The 2001 Quebec City FTAA Protests were a series of popular civil protests and riots against the 3rd Summit of the Americas, from April 20 to 22 in Quebec City, Canada. Mass protests were met with tear gas and concussion grenades were thrown by police, who claimed demonstrators were storming buildings. Protests ceased on 22 April.

==Background==
The province of Quebec is known for its history of protest movements, including its movement for independence from Canada. Quebec had seen harsh police repression and police brutality during previous protests such as the G20 Protest in Montreal in October 2000, and the 2000 Youth Summit in Quebec City. In 1968, 1974, 1986 and 1996, protest movements occurred throughout Quebec. Protesters marched for their rights and an end of the 3rd Summit of the Americas.

==Protests==
Police claimed that their actions were justified in protecting delegates from "red-zone" attempts to break through the fence, as well as to violent protesters destroying property and attacking the police and the media.

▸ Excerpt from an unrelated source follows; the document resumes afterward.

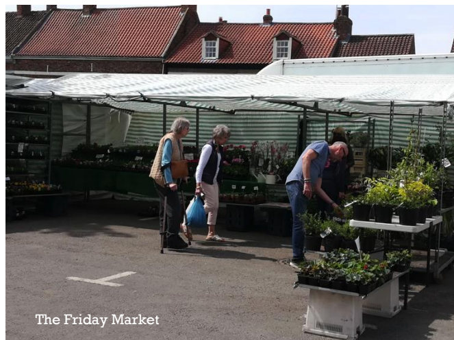
The Friday Market
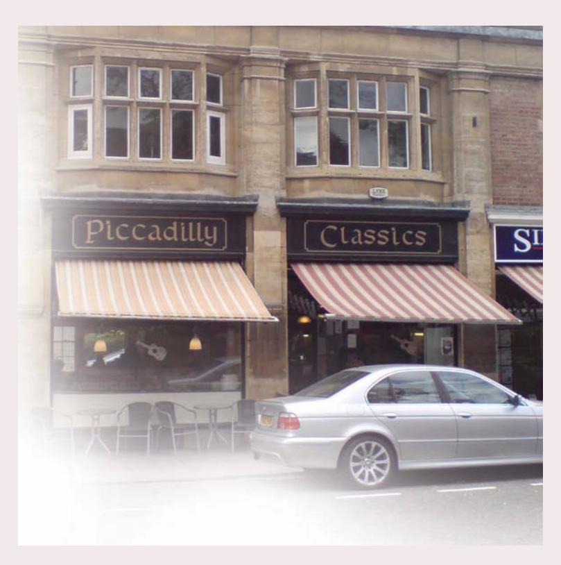
Piccadilly Buildings in Kettering: an example of a row of traditional shops with well-designed and appropriate signage

In terms of traditional shopfronts, these or any other remaining features should be retained and repaired. It is often cheaper to repair an existing shopfront than to replace it. In a number of instances a traditional shopfront may have been covered by inappropriate frontage, if this is the case then the original shopfront should be restored to it's former glory.

Many protesters accused the police of excessive force, claiming that the police's abundant use of tear gas and rubber bullets was both completely disproportionate to the scale of violence, and primarily directed at unarmed, peaceful demonstrators with dispersal of violent protesters an afterthought. A number of protesters were severely injured by rubber bullets; also, tear gas canisters were fired directly at protesters on numerous occasions, in violation of the protocols governing their use. They also criticized the actions of prison authorities. Altogether, the anti-globalization movement described the actions of the police in Quebec City as an attempt to suppress dissent.